Once dried, the Kava roots are ready for milling. Hammer mills are employed to grind the dried roots into a fine powder. This powder is the form most commonly purchased and consumed. The milling process ensures consistency and makes it easy for consumers to enjoy Kava.

This finely milled Kava powder finds its way to markets throughout Fiji. Both locals and tourists frequent these markets to purchase the revered powder.

The Final Step - Fiji Kava Preparation

The Fiji Kava Preparation style is what we are familiar with here in Australia. This is because we can ONLY import dried kava in Australia. Here are the steps:

1️⃣ Measure: Scoop the desired amount of Kava powder (typically 1-2 tablespoons per litre of water).

2️⃣ Combine: Place the Kava powder into a straining cloth – In Fiji they use a cheese cloth.. That sits in a bowl. This bow is referred to as a Tanoa in Fiji and depending on the occasion can be very ornate.

3️⃣ Add Water: Pour cold or lukewarm water over the powder.

4️⃣ Knead: If using a bowl, knead the powder in the water for about 10. 

5️⃣ Squeeze the last juice out: Use the muscles to get the last of the juice out of the straining bag.

6️⃣ Serve: Pour the filtered Kava drink into a coconut shell.

7️⃣ Respect – A quick Bula and a clap of hands and drink the kava down in one draft. 

8️⃣ Enjoy: Sit around and enjoy the company of the people around you. Kava drinking in Fiji is all about taking your time and enjoying your surroundings.

Unique Micronesian Kava Preparation: The Sakau Brew

In the tiny island nation of the Federated States of Micronesia, Kava preparation is unique. They mix and blend Kava with hibiscus parts, including the flower and bark. The infusion process involves smashing the Kava root on a stone, then mixing it with hibiscus in water and straining it.

The end result is a Kava brew called “Sakau,” enjoyed at Kava bars known as “markets.” Sakau gained fame in Australia when our government sent a delegation to the Federated States of Micronesia. Former interim Prime Minister Mark McCormack drank an entire shell of Sakau during an official event. However, FSM’s custom is to sip a small amount and pass it on. His experience highlighted the strength of Sakau.

Big shout out to our friends, BT and Sophie, in the Federated States of Micronesia for providing the insight into Sakau and of course SBS and the Australian media for bringing Sakau to a wider understanding!

Australian Creativity: Modern Kava Preparation Twists

Borogu Kava

In Australia, Kava culture is very young but grounded in Fijian preparation traditions. Australians primarily import dried Kava, but they have introduced creative twists to the experience.

They mix Kava with cordial, creating unique flavors like hazelnut and French vanilla. This innovation enhances the taste and offers a modern Kava experience.

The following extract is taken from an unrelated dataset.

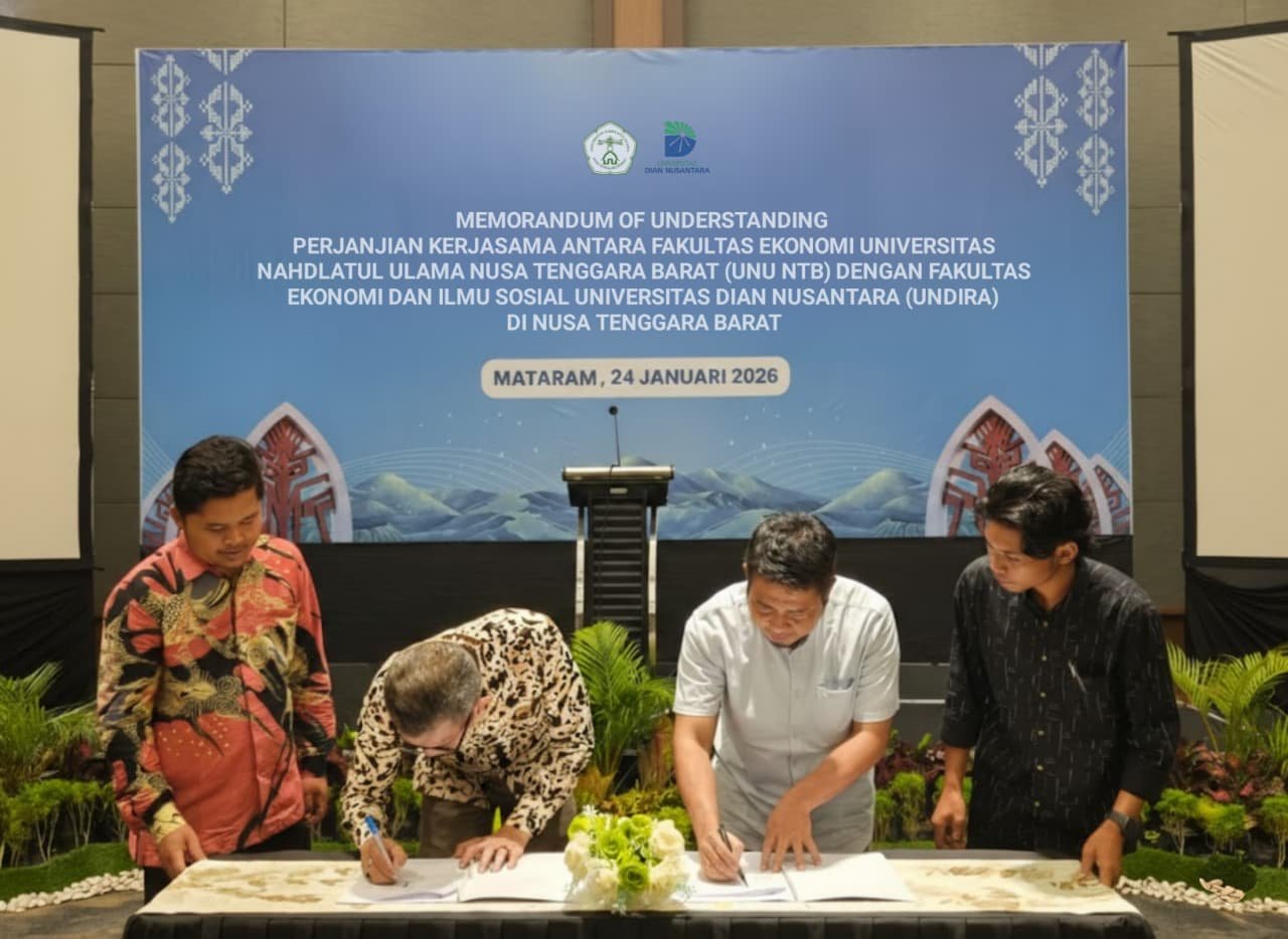 Mataram, 24 Januari 2026 – Fakultas Ekonomi Universitas Nahdlatul Ulama Nusa Tenggara Barat (FE UNU NTB) secara resmi menjalin kerja sama kelembagaan dengan Fakultas Bisnis dan Ilmu Sosial Universitas Dian Nusantara (FBIS UNDIRA) melalui penandatanganan Memorandum of Understanding (MoU). Penandatanganan yang berlangsung di PRIME PARK Hotel & Convention Lombok, Kota Mataram pada Sabtu (24/1/2026) sebagai bagian dari upaya memperkuat pelaksanaan Tri Dharma Perguruan Tinggi serta meningkatkan kualitas sumber daya manusia di bidang ekonomi dan ilmu sosial.

Check out some of the innovations below:

Kava Kolada

Hazelnut Coffee Syrup

Kava Cola

Conclusion

From Vanuatu’s lush islands to Australia’s innovative kitchens, Kava preparation showcases the Pacific’s rich cultural tapestry. Whether it’s Tanna Island’s traditional chewing or Ambae’s coral method, each technique is unique. Fiji’s meticulous drying and milling process stands out, as does Micronesia’s Sakau brew. Even in Australia, where Kava culture is younger, innovation thrives. By appreciating these diverse practices, we honor the community bonds and heritage of Kava.